Extension tensorflow was built with MPI.
mpirun --allow-run-as-root --tag-output -np 1 -H localhost:1 -bind-to none -map-by slot -mca pml ob1 -mca btl ^openib -mca btl_tcp_if_include lo -x NCCL_SOCKET_IFNAME=lo -x CUDA_PATH -x XDG_SESSION_ID -x JAVA_LD_LIBRARY_PATH -x HOROVOD_CUDA_HOME -x TERM -x SHELL -x SSH_CLIENT -x CONDA_SHLVL -x CONDA_PROMPT_MODIFIER -x SSH_TTY -x USER -x HOROVOD_NCCL_HOME -x LS_COLORS -x LD_LIBRARY_PATH -x LD_LIBRARY_PATH_WITH_DEFAULT_CUDA -x CONDA_EXE -x PYTHON_VERSION -x MAIL -x PATH -x HOROVOD_GPU_ALLREDUCE -x CONDA_PREFIX -x ENV_NAME -x PWD -x JAVA_HOME -x LANG -x LD_LIBRARY_PATH_WITHOUT_CUDA -x TF_CPP_MIN_LOG_LEVEL -x SHLVL -x HOME -x KERAS_BACKEND -x CONDA_PYTHON_EXE -x PYTHONPATH -x LOGNAME -x XDG_DATA_DIRS -x SSH_CONNECTION -x JAVA_HOME_CONDA_BACKUP -x CONDA_DEFAULT_ENV -x LESSOPEN -x PKG_CONFIG_PATH -x XDG_RUNTIME_DIR -x JAVA_LD_LIBRARY_PATH_BACKUP -x LESSCLOSE -x _ -x HOROVOD_STALL_CHECK_TIME_SECONDS -x HOROVOD_STALL_SHUTDOWN_TIME_SECONDS -x HOROVOD_NUM_NCCL_STREAMS -x HOROVOD_MLSL_BGT_AFFINITY python train.py
[1,0]<stderr>:Using TensorFlow backend.
[1,0]<stderr>:WARNING: Logging before flag parsing goes to stderr.

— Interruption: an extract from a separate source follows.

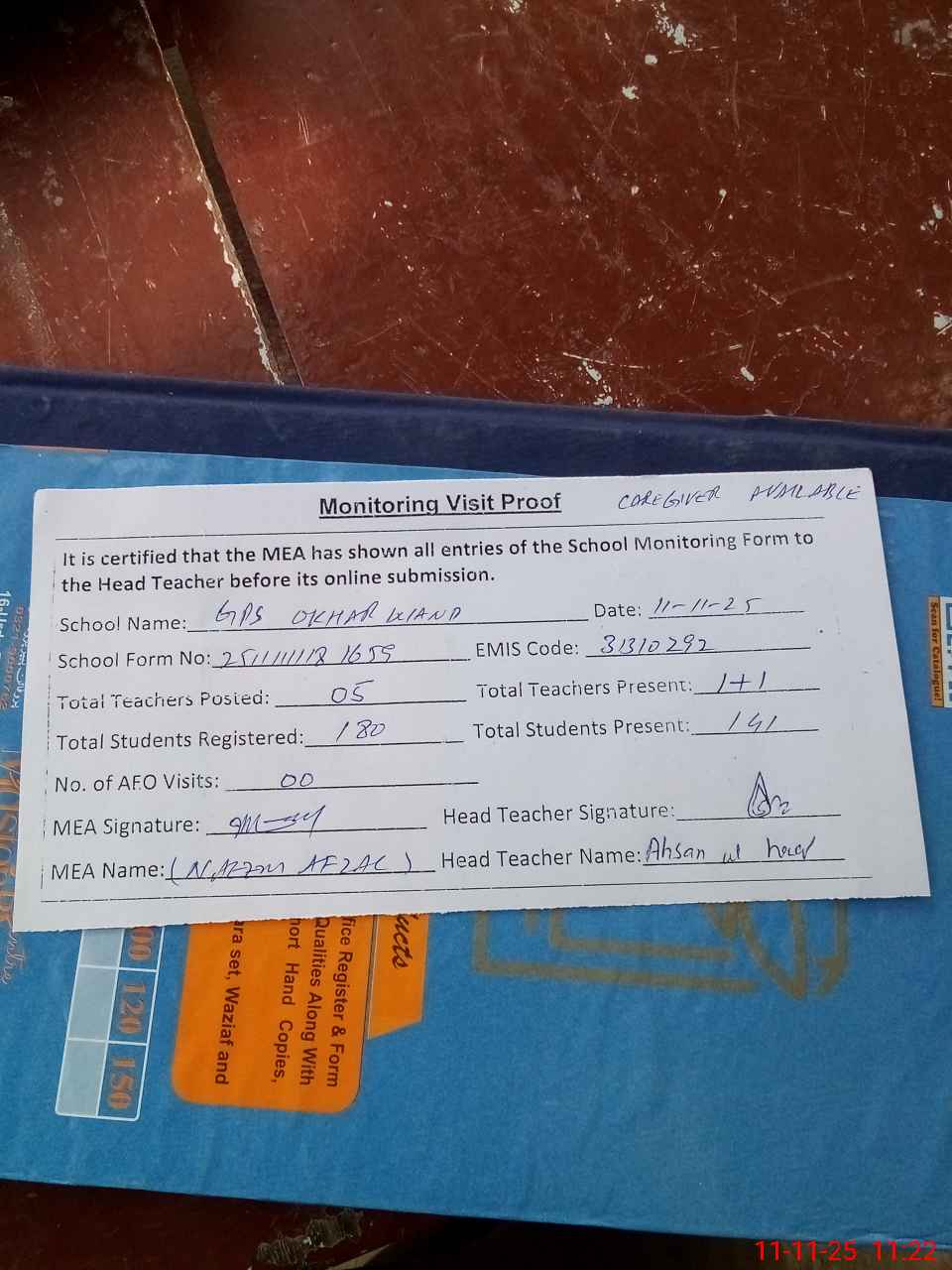 | EMIS Code: 31310292 | Name of School: GPS OKHAR WAND | |||

[1,0]<stderr>:W0924 16:36:31.064738 140530409674496 deprecation_wrapper.py:119] From /home/ubuntu/anaconda3/envs/tensorflow_p36/lib/python3.6/site-packages/horovod/tensorflow/__init__.py:117: The name tf.global_variables is deprecated. Please use tf.compat.v1.global_variables instead.
[1,0]<stderr>:
[1,0]<stderr>:W0924 16:36:31.065012 140530409674496 deprecation_wrapper.py:119] From /home/ubuntu/anaconda3/envs/tensorflow_p36/lib/python3.6/site-packages/horovod/tensorflow/__init__.py:143: The name tf.get_default_graph is deprecated. Please use tf.compat.v1.get_default_graph instead.
[1,0]<stderr>:
[1,0]<stderr>:W0924 16:36:31.361919 140530409674496 deprecation_wrapper.py:119] From train.py:99: The name tf.ConfigProto is deprecated. Please use tf.compat.v1.ConfigProto instead.
[1,0]<stderr>:
[1,0]<stdout>:Extracting all the files now...
[1,0]<stdout>:Done!
[1,0]<stdout>:Found 14894 images belonging to 6 classes.
[1,0]<stdout>:Found 3662 images belonging to 6 classes.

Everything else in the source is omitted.